Before and after science, attraverso l’opera di 19 pittori astratti, offre un’interessante panoramica sul complesso e diversificato rapporto tra linguaggio artistico e sviluppo scientifico/tecnologico dagli anni ‘80 ad oggi. Un tema fondamentale che interessa sia le categorie della storia dell’arte che il senso comune. E’ infatti una convinzione popolare che vi sia un’incompatibilità assoluta tra l’atteggiamento logico e analitico dello scienziato e quello immaginativo e sintetico dell’artista . Si tratta tuttavia di una semplificazione che, sebbene valida per alcuni autori, non può assolutamente essere accettata per altri che hanno sempre mantenuto nei confronti dell’evoluzione scientifica e tecnologica una posizione di apertura, se non addirittura di complicità.
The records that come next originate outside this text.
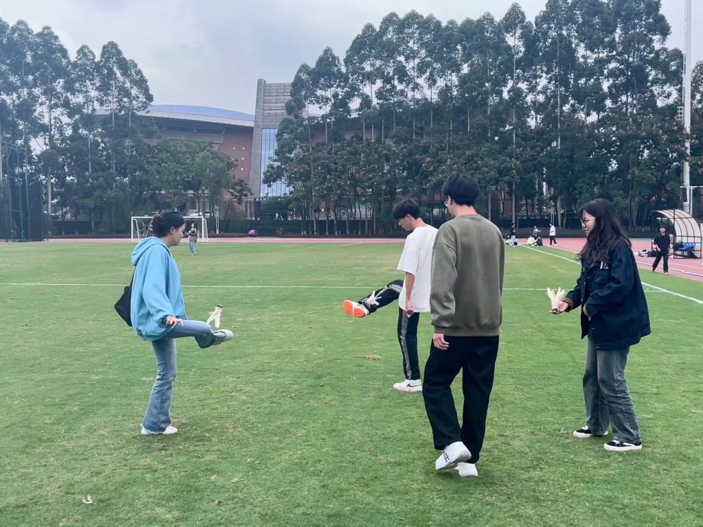 首先展开的是比赛的第一关“毽步如飞”,顾名思义,第一关考验同学们踢毽子的水平能力。同学们熟练地踢着毽子,摆出各种各样的姿势,欢乐无比,笑声不断。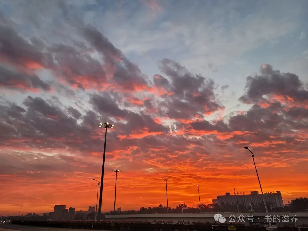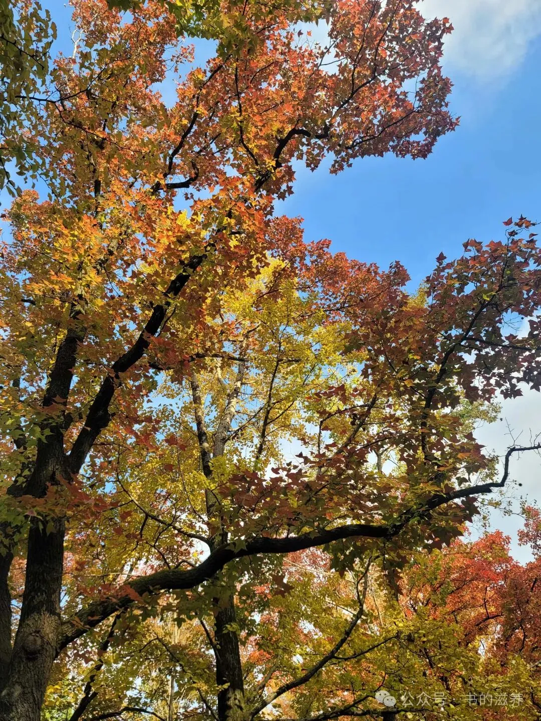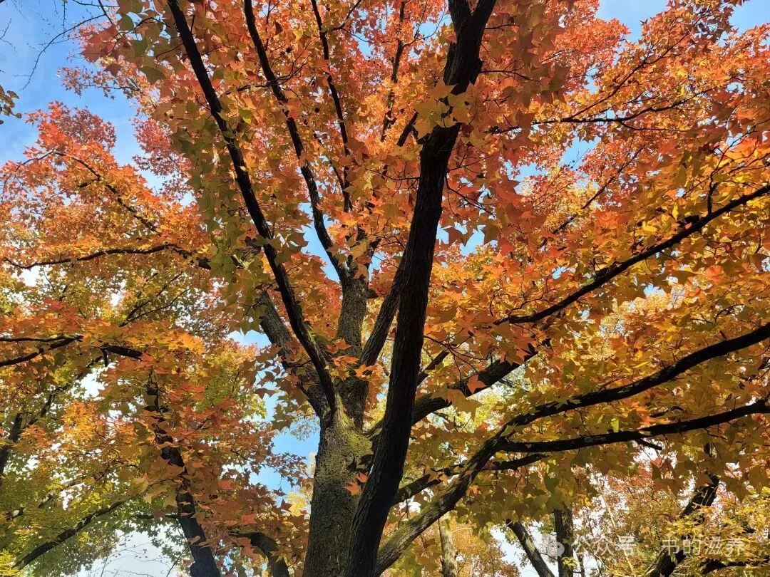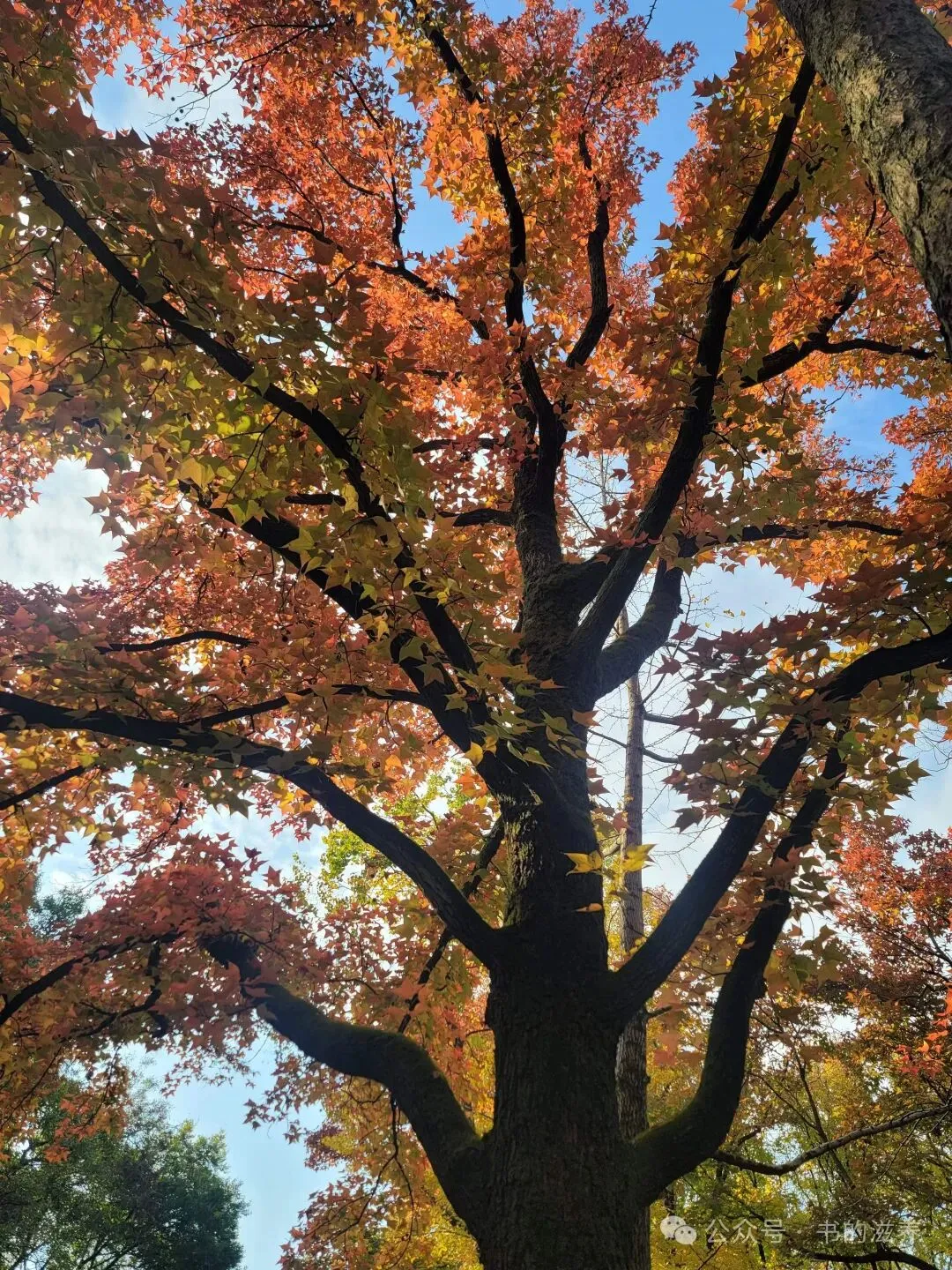 梧桐树有些叶子已经很红艳,在蓝天的映衬下格外耀眼。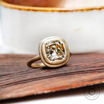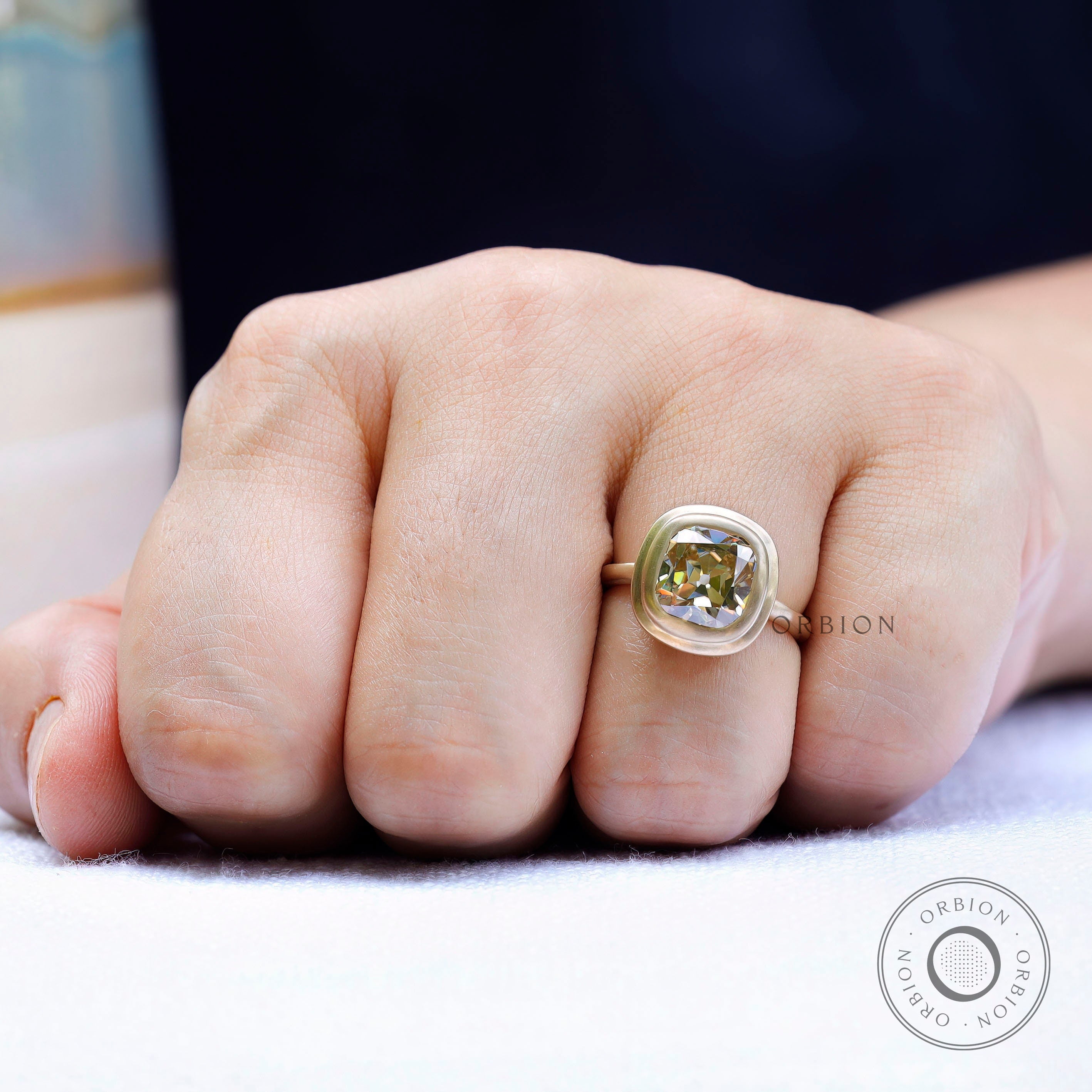 3.6 CT Light Champagne Old Mine Cushion Moissanite Engagement Ring, Brushed Matte Finish Double Bezel Set Ring, Heirloom Jewelry, Heirloom Engagement Rings, Vintage Solitaire Ring, 10k/14k/18k Solid Gold Ring, Handmade Jewelry, Estate Ring, Promise Ring, Proposal Ring, Large Moissanite Ring, Solitaire Ring, Low Profile Setting, Cushion Cut ring.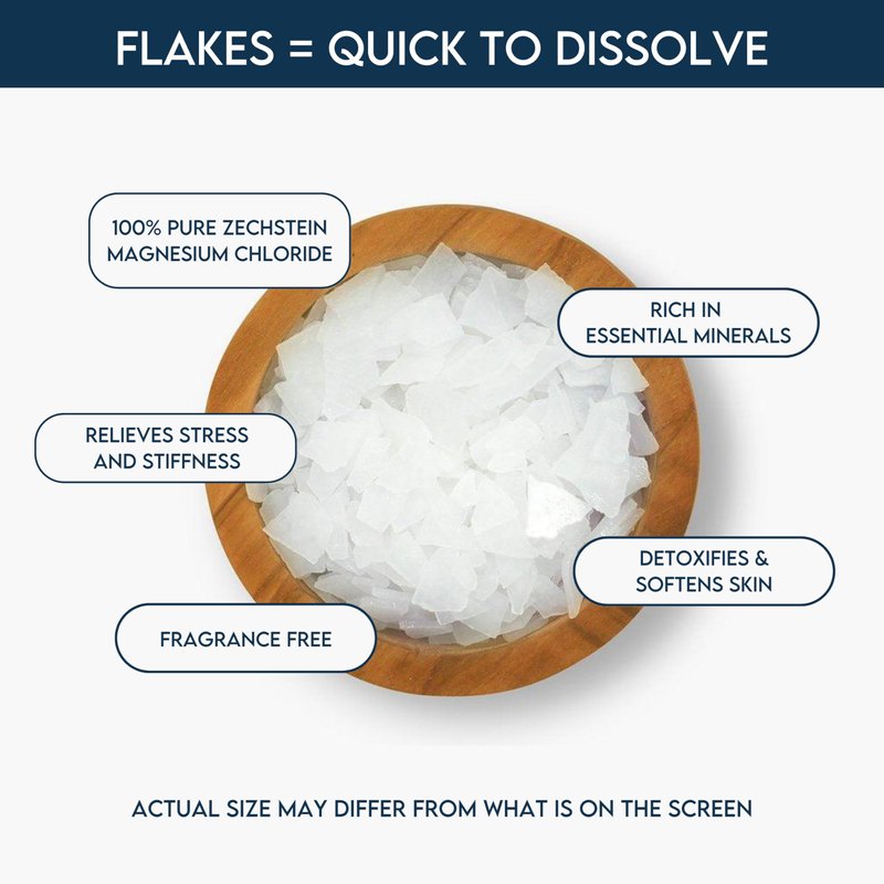 - WHEN EPSOM SALTS AREN'T ENOUGH: Magnesium chloride flakes have a higher bioavailability and concentration than epsom salt, and absorb faster and more easily into the body. Enjoy a full body bath salt soak or treat your sore feet to a foot bath to experience rapid relief for muscle soreness, headaches, skin conditions, sunburns, bug bites, and more.*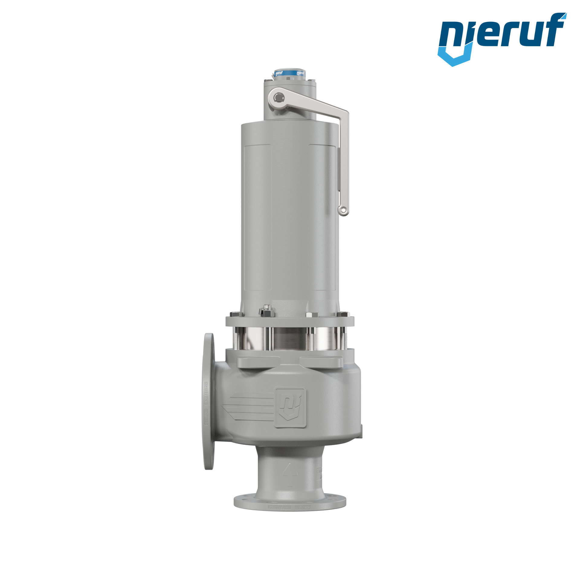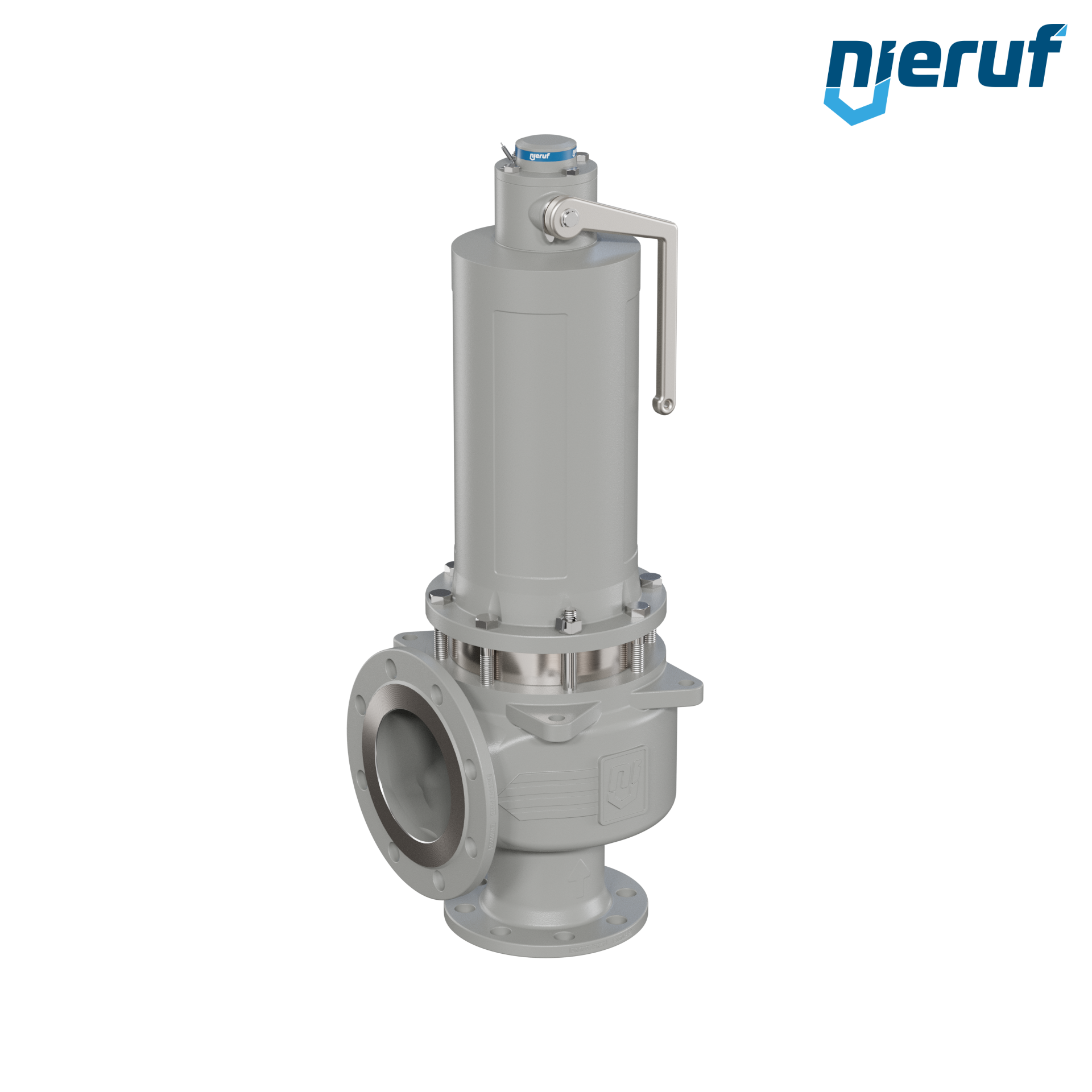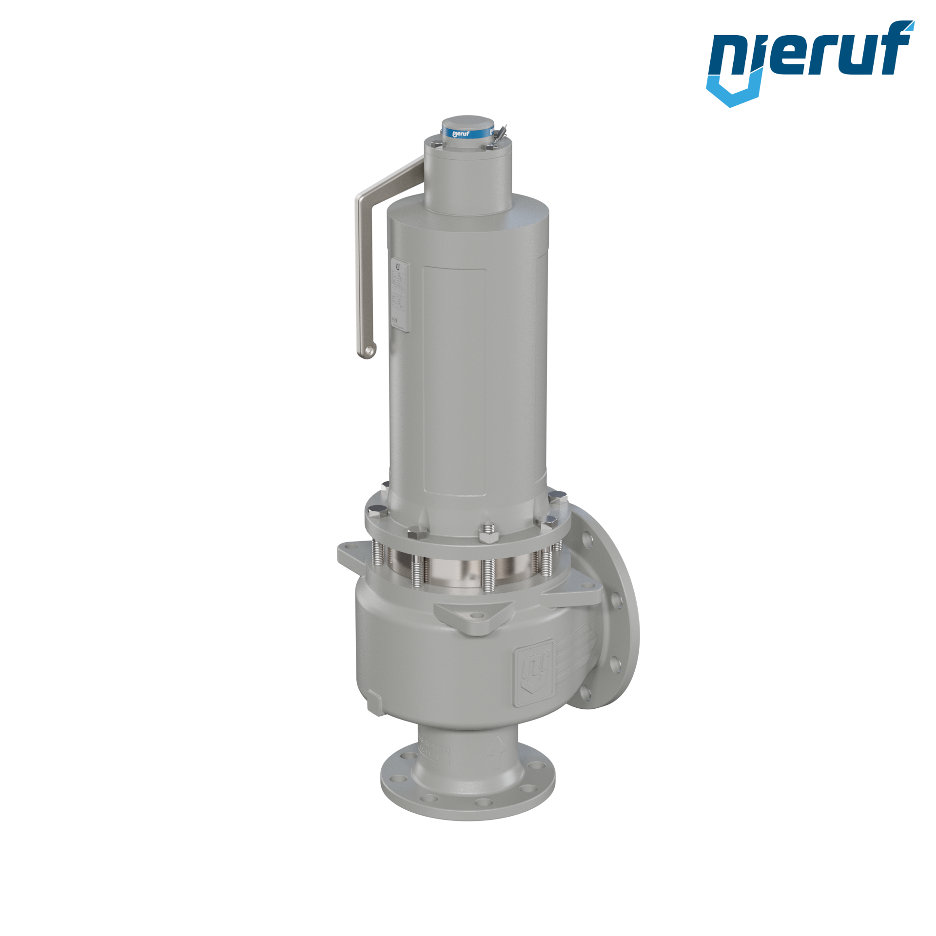 valvola di sicurezza flangiata a tenuta di gas DN100/DN150 SF06 per fluidi liquidi e gassosi in ghisa sferoidale DIN EN 5.3103 guarnizione FKM impostazione della pressione 0,2 - 40,0 bar dispositivo di sollevamento con leva con manicotto di tenuta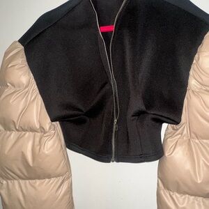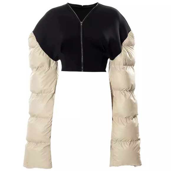 Elevate your style with this chic black and cream jacket. Perfect for any occasion.

Più accorto è di conseguenza il pensiero degli addetti ai lavori, in gran parte concordi nel ritenere che esistano per lo meno due diversi tipi di linguaggio astratto: quello lirico, istintivo e sinuoso che inizia con le Improvvisazioni di Kandisky, prosegue con Klee e arriva ai dripping di Pollock e quello razionale, costruttivo e neoplastico che nasce con il rigorismo geometrico di Malevich e Mondrian e passando per i movimenti di arte concreta arriva infine al più recente minimalismo. Questa suddivisione, per quanto incapace di ordinare la multiforme produzione artistica dalle ultime generazioni di pittori astratti, ha comunque il pregio di individuare nel diverso modo di rapportarsi con il pensiero scientifico e razionale un filo rosso fondamentale per comprendere la poetica dell’astrazione.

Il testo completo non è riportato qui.